Really? How are you using it? If it's better than the one I wrote (and it
almost has to be!) I'd love to take a look.. Speed is OK on the machine I'm
searching through large text chunks with now because of a combination of a
good database (PostgreSQL) and a hefty machine (Dual PII 800, 512M ECC RAM,
Ultra 160 SCSI drives).. Still it's only doing sequential scans and using
LIKE to give me matches.. My search is generic SELECT * from whatever WHERE
textfield LIKE '%<searched word>%';  -----  That's fairly fast -- it would
be a hell of a lot faster if I could do an index scan there.. Of course it
was, it's just that updating and inserting suffered too much; something that
will happen anytime you're indexing large amount of data on the fly, I would
just like to see it suffer less, which might happen if FTI was built into
PG.. I'm just talking here, I don't know how FTI would be implemented better
if it was built in, other than I'm sure the person doing it would know more
about the internals of PG and more about C then me (Sadly I'm not all that
good with C anymore)..

Have a good one!


-Mitch







Re: full text searching

From
Gunnar R|nning
Date:
"Mitch Vincent" <mitch@venux.net> writes:

> > I've been using a variant of the FTI system in an application, but this is
> > far from sufficient when it comes to matching.

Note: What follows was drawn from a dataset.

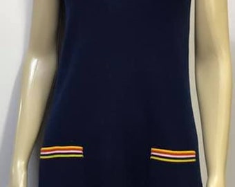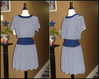 Vintage 1990s Dress / FRENCH PASTRY / Nautical Blue and White Striped / New Old Stock / Small / Medium

Speed is OK, but the
> quality
> > of the results could have been a lot better.
>
> Really? How are you using it? If it's better than the one I wrote (and it
> almost has to be!) I'd love to take a look.. Speed is OK on the machine I'm

It is really not based on the FTI code in PostgreSQL, since with we started
out with a Progress database last year before porting to PostgreSQL. The
idea is the same though, a separate lookup table containing the words for
exact matching. Last time I had a look at the clients database it had about
50-60K rows in the content table, which amounted to about ~3500K rows in
the lookup table. Searches return results instantly even though most of
them are joins involving 3-4 tables. The database(7.0.2) is running on a
Sun 220R with one 450MHZ processor, 10000RPM disks, 1GB RAM and Solaris
7. (As a curiosity my P466 laptop with Linux is actually running PostgreSQL
faster...)

Since we're only doing exact searches, the index is utilized. But the
quality isn't good enough - I would love to have language sensitive
searches. "car" should match "cars" but not cartography and "ship"
should/could match "boat" etc.

Regards,

    Gunnar

Re: full text searching

From
"Thomas T. Thai"
Date:
On 7 Feb 2001, Gunnar R|nning wrote:
> It is really not based on the FTI code in PostgreSQL, since with we started
> out with a Progress database last year before porting to PostgreSQL. The
> idea is the same though, a separate lookup table containing the words for
> exact matching. Last time I had a look at the clients database it had about
> 50-60K rows in the content table, which amounted to about ~3500K rows in
> the lookup table. Searches return results instantly even though most of
> them are joins involving 3-4 tables. The database(7.0.2) is running on a
> Sun 220R with one 450MHZ processor, 10000RPM disks, 1GB RAM and Solaris
> 7. (As a curiosity my P466 laptop with Linux is actually running PostgreSQL
> faster...)
>
> Since we're only doing exact searches, the index is utilized. But the
> quality isn't good enough - I would love to have language sensitive
> searches. "car" should match "cars" but not cartography and "ship"
> should/could match "boat" etc.

you can use ispell prefix/suffix for searching base words.


Re: full text searching

From
Lincoln Yeoh
Date:
At 11:40 AM 07-02-2001 -0600, Thomas T. Thai wrote:
>On 7 Feb 2001, Gunnar R|nning wrote:
>>
>> Since we're only doing exact searches, the index is utilized. But the
>> quality isn't good enough - I would love to have language sensitive
>> searches. "car" should match "cars" but not cartography and "ship"
>> should/could match "boat" etc.
>
>you can use ispell prefix/suffix for searching base words.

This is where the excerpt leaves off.